Segment Open

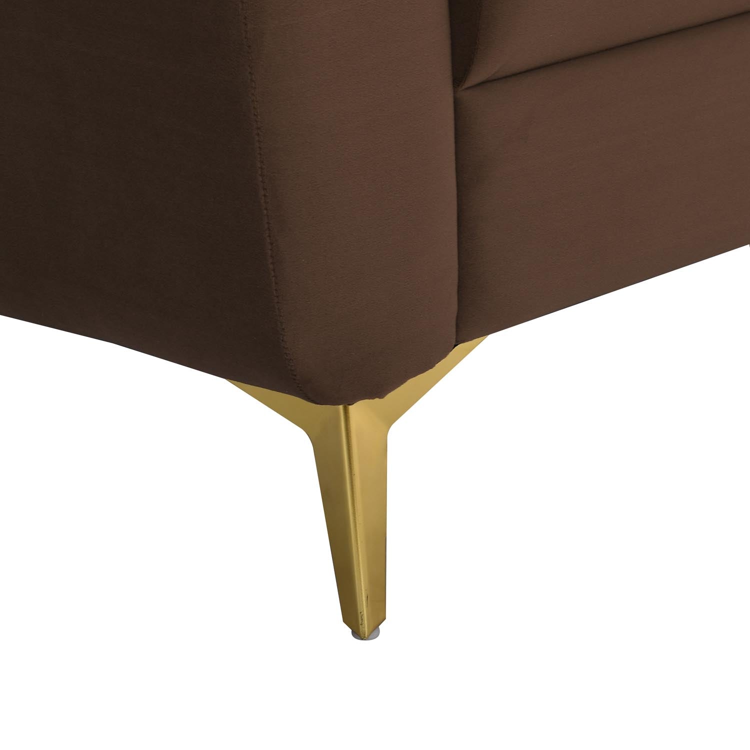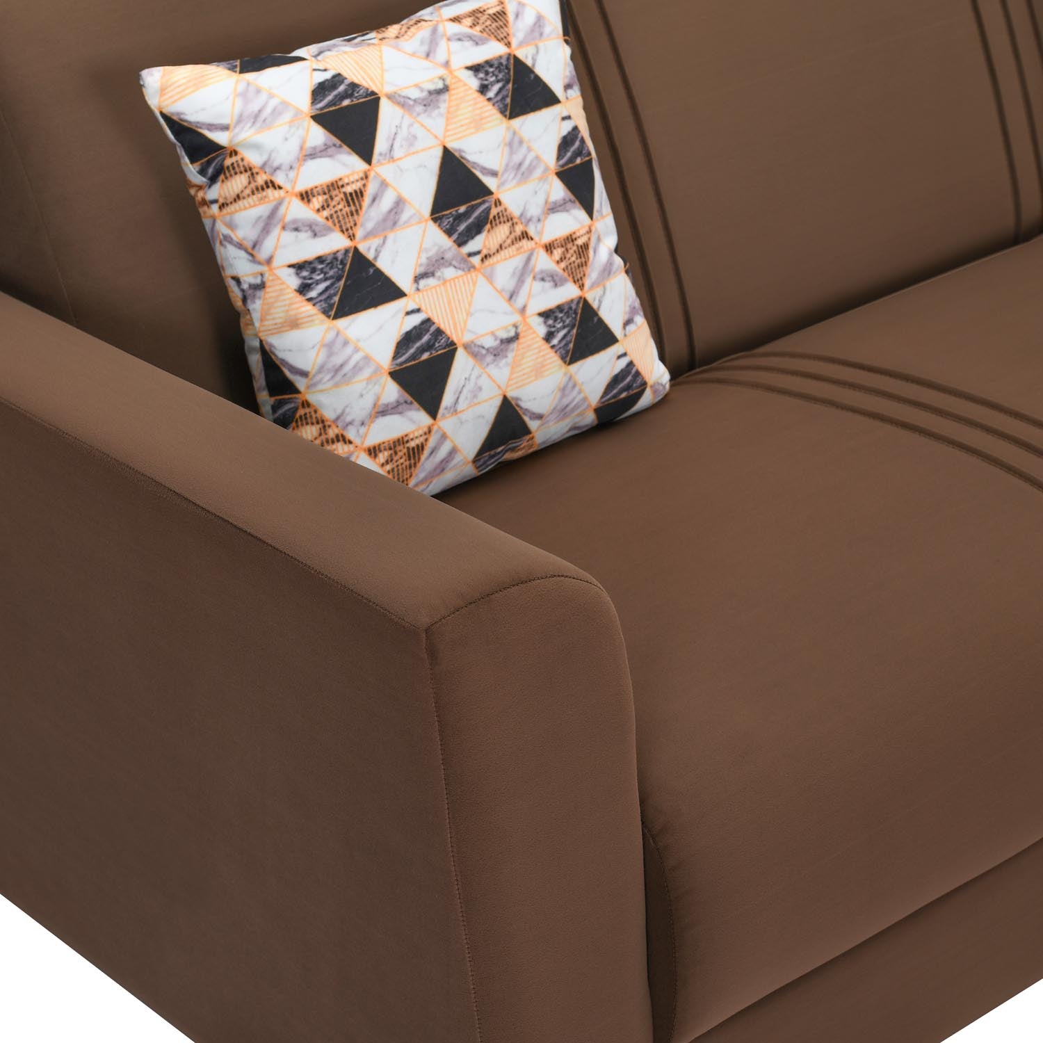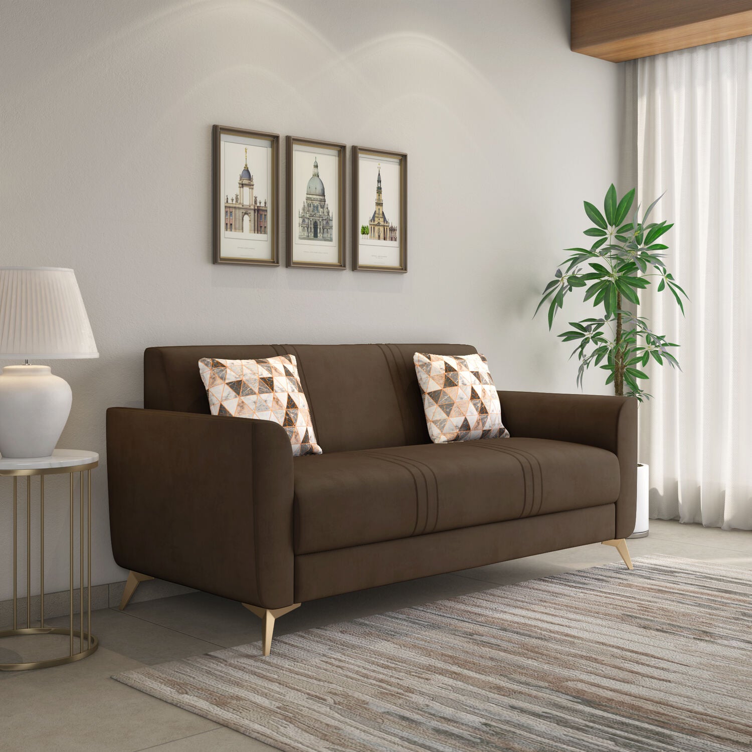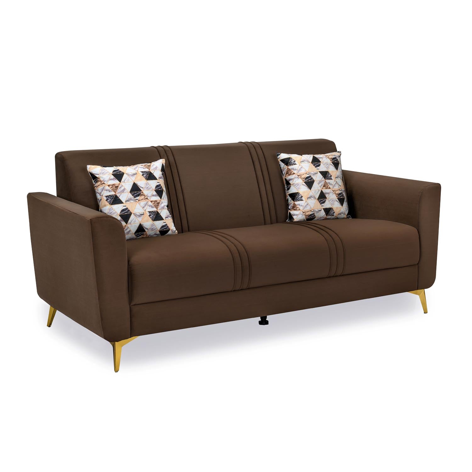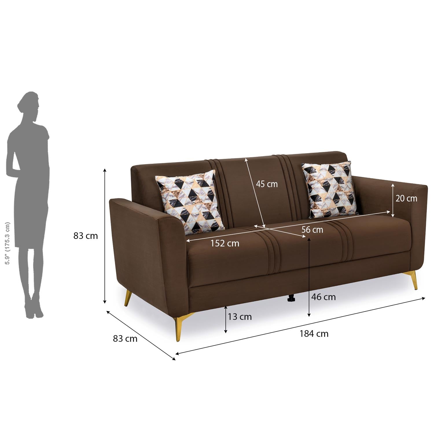 Nilkamal Homes' Cooper 3-Seater Sofa brings warmth and sophistication to your space with its rich brown tone, creating an earthy and inviting ambiance. The well-cushioned seat ensures perfect comfort, whether you're lounging or enjoying a quiet read. Upholstered in smooth, ultra-sheen polyester, it enhances the sofa’s natural charm while adding a touch of elegance. Sleek gold-finish metal legs provide a striking contrast to the earthy fabric, delivering a refined, upscale accent. Crafted with a solid pine wood and engineered wood base, the Cooper Sofa offers lasting strength and durability for everyday use. As a 3-seater, it delivers generous seating capacity, perfect for hosting guests or bringing the whole family together in comfort and elegance.
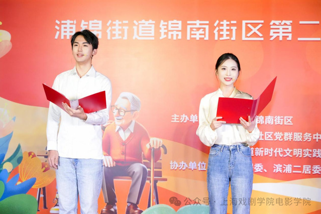 2024主持MFA的王子安、毕笑笑、廖玉琳和2023主持专业的曹曦同学倾情朗诵的诗歌《岁岁重阳今又重阳》,是以青年人的视角,在声音与情感的交融中表达了对老年人的关切与敬爱。“唱响不老的岁月,唱响‘九·九’重阳”,他们充分展示了上戏学子的专业素养和人文情怀,收获了在场观众与市民群体的阵阵掌声。
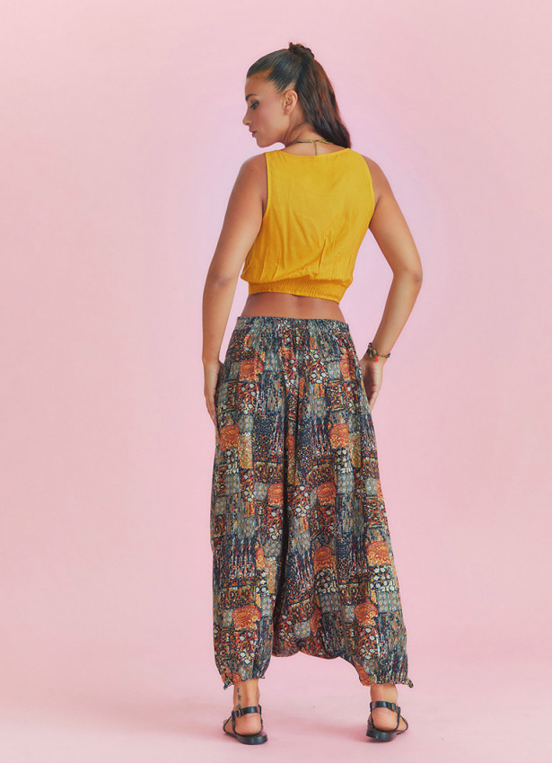 Khaki, Print Adjustable Hem, Wraped Harem Pants
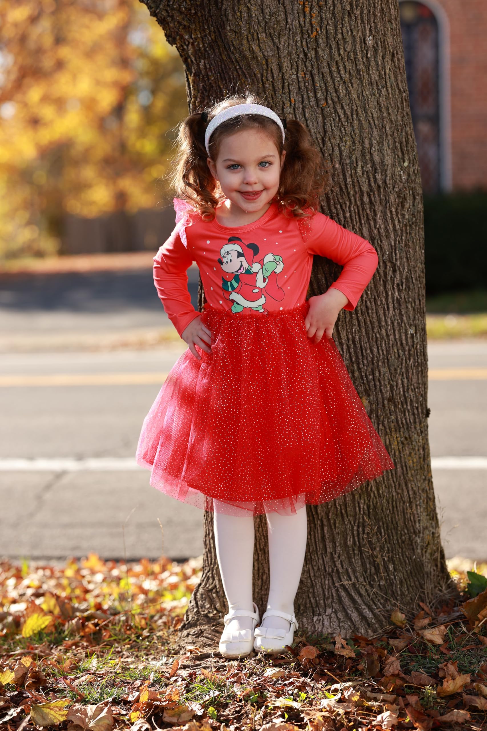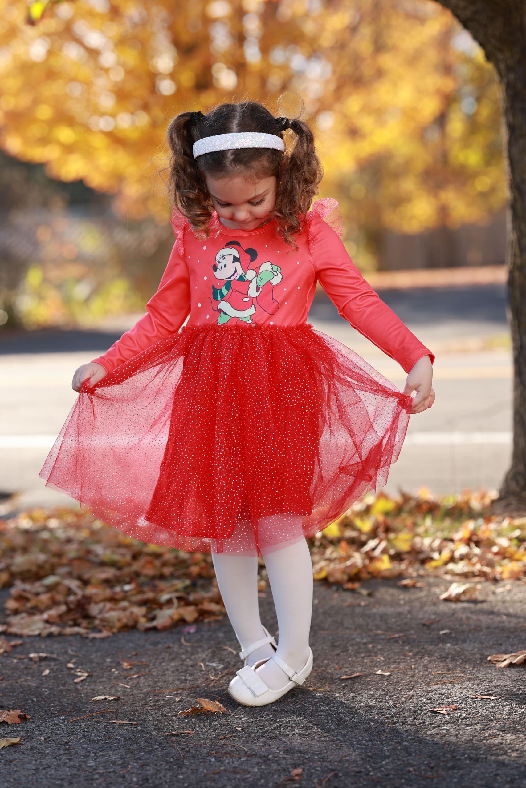 Charming & Unique Design: This girls' Christmas dress features ruffled sleeves, a tulle skirt with sparkles, and Minnie Mouse in a joyful holiday pose. The vibrant red color and fluttering tulle skirt make it the perfect choice for Christmas parties, photoshoots, or dress-up occasions. Your toddler will look stylish and cute for any festive event.
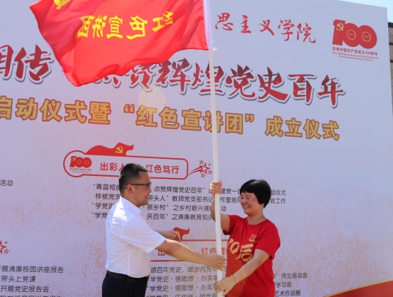 “青蓝相接薪火相传,点赞辉煌党史百年”庆祝建党一百周年系列活动启动仪式暨红色宣讲团成立仪式圆满完成。据悉,人文学院、马克思主义学院党总支将在未来继续围绕党史学习教育“七个一”工作思路,以“七音符”奏响党史学习教育开场曲,陆续开展“学党史,悟清廉,庆百年”清廉教育知识竞赛、“学党史,听讲座,庆百年”意识形态和师德师风专题讲座活动以及“学党史,讲党课,庆百年”党支部廉洁专题党课等活动。

Segment Closed

● **REQUIREMENT**
Only one stretch of the data is wanted: write out exactly the lines from the one holding "Khaki, Print Adjustable" through the one holding "Charming & Unique", both included, without the pictures.

● **SOLUTION TO THIS EXERCISE**
 Khaki, Print Adjustable Hem, Wraped Harem Pants
 Charming & Unique Design: This girls' Christmas dress features ruffled sleeves, a tulle skirt with sparkles, and Minnie Mouse in a joyful holiday pose. The vibrant red color and fluttering tulle skirt make it the perfect choice for Christmas parties, photoshoots, or dress-up occasions. Your toddler will look stylish and cute for any festive event.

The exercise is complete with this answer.